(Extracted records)
= Beginning of Section =

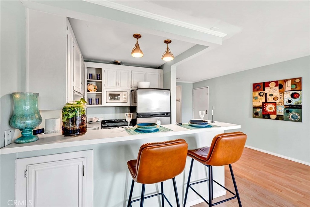 Unit #103 is an amazing resort vacation home or live here full-time. The property would also be a welcome destination for Snowbirds. This coastal condo is ideally located within the gated community at Versailles on the Bluffs. A rare bonus in this price range is the water view from your balcony. Walkability score of 86. In just a few minutes you can be sitting in the warm sand, swimming, surfing or collecting shells; so much fun. Famous Balboa Peninsula, Lido Isle, Fashion Island, are nearby and offer the very best in shopping, fine dining, and entertainment. Delight in attending festivals and boat parades which are longstanding Newport Beach traditions. Bike to Sunset View Park for an unforgettable sunset; Then stay for the spectacular city lights. Afterwards bike along the nearby coastline where an ocean breeze is always refreshing. Stop for ice cream or a drink. This cute condo is at the end of the walkway providing lots of privacy. It's light and bright and offers an open floorplan. Easy care laminate flooring throughout. Built-in desk with ample shelving for all your home office needs. Refrigerator and stove included. Water and gas paid by HOA. An elevator saves time getting to your dedicated parking in the secured subterranean garage. Additional storage closet at the parking space, locked cage for bike storage. Convenient community laundry; Secure gated entry to the complex. Versailles offers a spacious pool and spa, BBQ, lovely clubhouse with a library and kitchen, an exercise room and sauna. All you could want is right here at home. It's a wonderful place to host friends. World class medical care is next door at the renowned Hoag Hospital. This well-priced gem could be yours. Lowest priced unit in Versailles available with a water view. Embrace the best of beach close living by making this sanctuary in a prestigious Newport Beach community your home.. Unit is #103
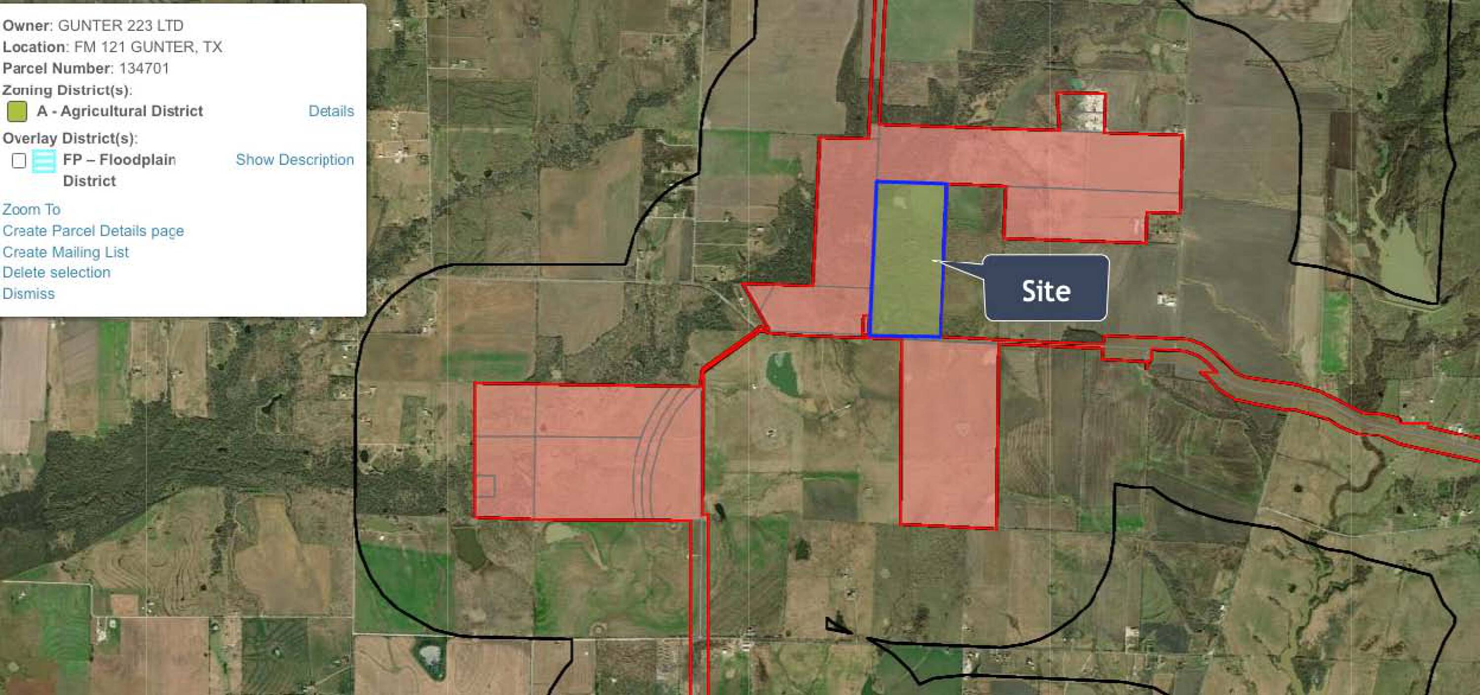 The property is located at F.M. 121 Gunter, TX.
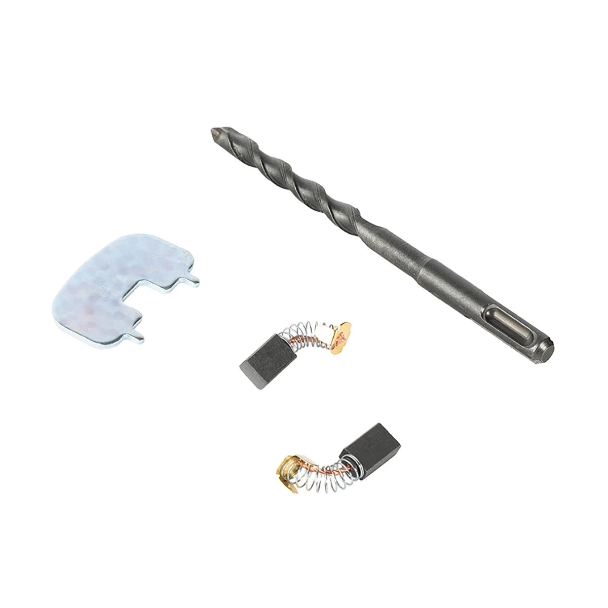 | Комплектация | дополнительная рукоятка, ограничитель глубины сверления, бур, запасные щетки, смазка для бура, ключ отсека для смазки, кейс |
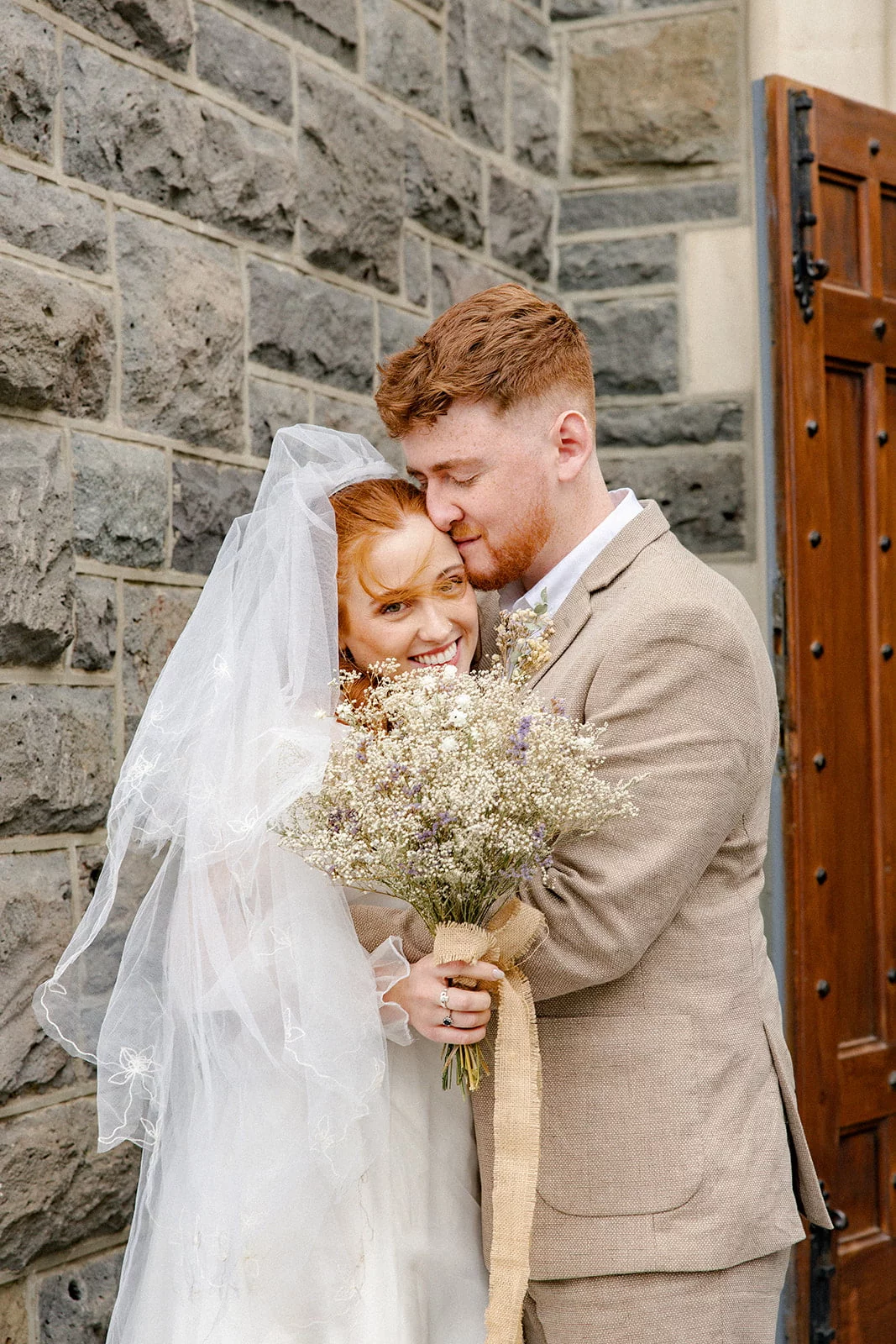 DIY DEETS “The flowers we chose for the day were all dried. My family and family friends dried a lot of beautiful flowers for us. We also got flowers from Riverstone Castle in Oamaru. The flowers were used for table decorations, signage, door decorations and of course the bouquets. My mum helped to create the vision we had for these, as well as helping me create the bouquets and Matt’s boutonniere. The last thing we used the flowers for was a huge flower and twig hoop that hung above the top table.”
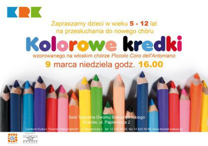 Na wzór tych małych śpiewaków, w Centrum Kultury „Dworek Białoprądnicki” stworzony zostanie chór dziecięcy „Kolorowe Kredki”, który prowadzi Aleksandra Nowak. Na przesłuchania, które odbędą się w niedzielę (9 marca) o godz. 16:00, organizatorzy zapraszają dzieci w wieku 5 – 12 lat. Udział w chórze będzie bezpłatny.
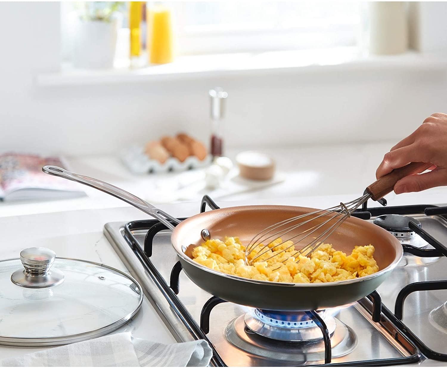 Cera Frying Pan Non Stick Titanium Ceramic Coating Glass Lid Scratch Resistant
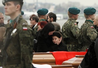 據(jù)報(bào)道,14日,載有30名遇難者靈柩的飛機(jī)抵達(dá)波蘭;15日,又有飛機(jī)搭載34名遇難者靈柩飛抵波蘭華沙一間軍用機(jī)場(chǎng)。這些被運(yùn)回故鄉(xiāng)的遇難者當(dāng)中,包括波蘭流亡總統(tǒng)卡丘羅夫斯基的遺體。
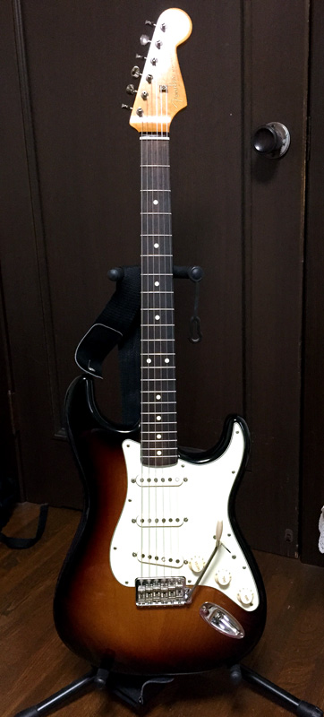 JUGEMテーマ:エレクトリックギター I橋楽器福岡店で状態の良いストラトを発見買っちゃいました(何軒回ったことやら・・)中古ってことなんだがピックガードのプロテクトシールも剥していないし(ちなみに他の中古を調べたらプロテクトシールは付いていない)ベルトがあたる部分にも傷一つ見当たらない↑サンバーストのローズ指板いっちゃんオーソドックスなストラト、一本欲しかったんだ↑アームが鋭角に曲がっていたせいでちゃんとセット出来なかったんだが傷がつかないようテープを巻いてペンチでエイッ!きっかり90度に修正した...
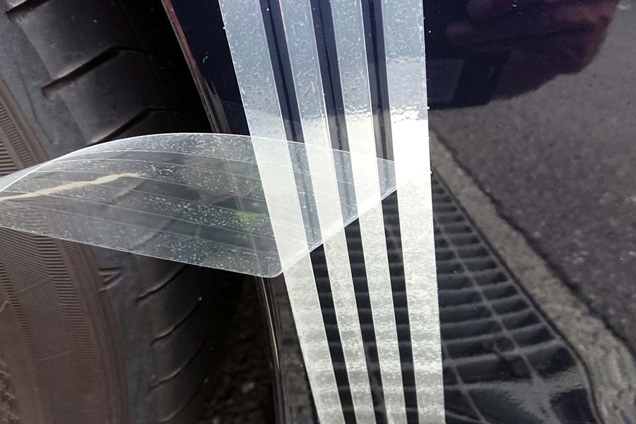 効果が感じられないのはケチって細かくしたせいかも? と思い、フロントバンパーへは切らずに製品そのままを貼り直しました
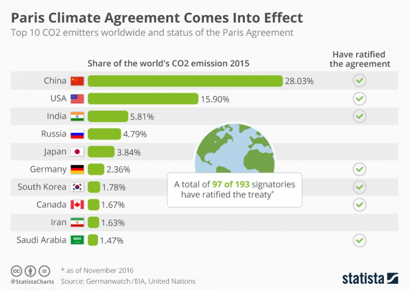 A világ tizenöt, a legtöbb üvegházhatású gázt kibocsátó országában a levegőszennyezés egészségre gyakorolt, pénzben kifejezett káros hatása a bruttó hazai termék (GDP) több mint 4 százalékát teheti ki becslések szerint, miközben a párizsi egyezmény végrehajtásához szükséges intézkedések a globális GDP 1 százalékával egyenlő ráfordításokat kényszerítenék ki.
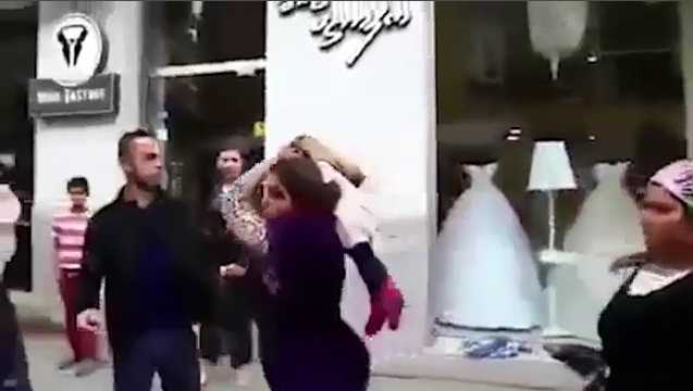 Seorang wanita menggunakan anaknya sebagai klub, untuk memukul seorang pria setelah berkelahi.

= End of Section =

What you need to do » Would you output the data above exactly as written, but with no images?

Exercise solution »
 Unit #103 is an amazing resort vacation home or live here full-time. The property would also be a welcome destination for Snowbirds. This coastal condo is ideally located within the gated community at Versailles on the Bluffs. A rare bonus in this price range is the water view from your balcony. Walkability score of 86. In just a few minutes you can be sitting in the warm sand, swimming, surfing or collecting shells; so much fun. Famous Balboa Peninsula, Lido Isle, Fashion Island, are nearby and offer the very best in shopping, fine dining, and entertainment. Delight in attending festivals and boat parades which are longstanding Newport Beach traditions. Bike to Sunset View Park for an unforgettable sunset; Then stay for the spectacular city lights. Afterwards bike along the nearby coastline where an ocean breeze is always refreshing. Stop for ice cream or a drink. This cute condo is at the end of the walkway providing lots of privacy. It's light and bright and offers an open floorplan. Easy care laminate flooring throughout. Built-in desk with ample shelving for all your home office needs. Refrigerator and stove included. Water and gas paid by HOA. An elevator saves time getting to your dedicated parking in the secured subterranean garage. Additional storage closet at the parking space, locked cage for bike storage. Convenient community laundry; Secure gated entry to the complex. Versailles offers a spacious pool and spa, BBQ, lovely clubhouse with a library and kitchen, an exercise room and sauna. All you could want is right here at home. It's a wonderful place to host friends. World class medical care is next door at the renowned Hoag Hospital. This well-priced gem could be yours. Lowest priced unit in Versailles available with a water view. Embrace the best of beach close living by making this sanctuary in a prestigious Newport Beach community your home.. Unit is #103
 The property is located at F.M. 121 Gunter, TX.
 | Комплектация | дополнительная рукоятка, ограничитель глубины сверления, бур, запасные щетки, смазка для бура, ключ отсека для смазки, кейс |
 DIY DEETS “The flowers we chose for the day were all dried. My family and family friends dried a lot of beautiful flowers for us. We also got flowers from Riverstone Castle in Oamaru. The flowers were used for table decorations, signage, door decorations and of course the bouquets. My mum helped to create the vision we had for these, as well as helping me create the bouquets and Matt’s boutonniere. The last thing we used the flowers for was a huge flower and twig hoop that hung above the top table.”
 Na wzór tych małych śpiewaków, w Centrum Kultury „Dworek Białoprądnicki” stworzony zostanie chór dziecięcy „Kolorowe Kredki”, który prowadzi Aleksandra Nowak. Na przesłuchania, które odbędą się w niedzielę (9 marca) o godz. 16:00, organizatorzy zapraszają dzieci w wieku 5 – 12 lat. Udział w chórze będzie bezpłatny.
 Cera Frying Pan Non Stick Titanium Ceramic Coating Glass Lid Scratch Resistant
 據(jù)報(bào)道,14日,載有30名遇難者靈柩的飛機(jī)抵達(dá)波蘭;15日,又有飛機(jī)搭載34名遇難者靈柩飛抵波蘭華沙一間軍用機(jī)場(chǎng)。這些被運(yùn)回故鄉(xiāng)的遇難者當(dāng)中,包括波蘭流亡總統(tǒng)卡丘羅夫斯基的遺體。
 JUGEMテーマ:エレクトリックギター I橋楽器福岡店で状態の良いストラトを発見買っちゃいました(何軒回ったことやら・・)中古ってことなんだがピックガードのプロテクトシールも剥していないし(ちなみに他の中古を調べたらプロテクトシールは付いていない)ベルトがあたる部分にも傷一つ見当たらない↑サンバーストのローズ指板いっちゃんオーソドックスなストラト、一本欲しかったんだ↑アームが鋭角に曲がっていたせいでちゃんとセット出来なかったんだが傷がつかないようテープを巻いてペンチでエイッ!きっかり90度に修正した...
 効果が感じられないのはケチって細かくしたせいかも? と思い、フロントバンパーへは切らずに製品そのままを貼り直しました
 A világ tizenöt, a legtöbb üvegházhatású gázt kibocsátó országában a levegőszennyezés egészségre gyakorolt, pénzben kifejezett káros hatása a bruttó hazai termék (GDP) több mint 4 százalékát teheti ki becslések szerint, miközben a párizsi egyezmény végrehajtásához szükséges intézkedések a globális GDP 1 százalékával egyenlő ráfordításokat kényszerítenék ki.
 Seorang wanita menggunakan anaknya sebagai klub, untuk memukul seorang pria setelah berkelahi.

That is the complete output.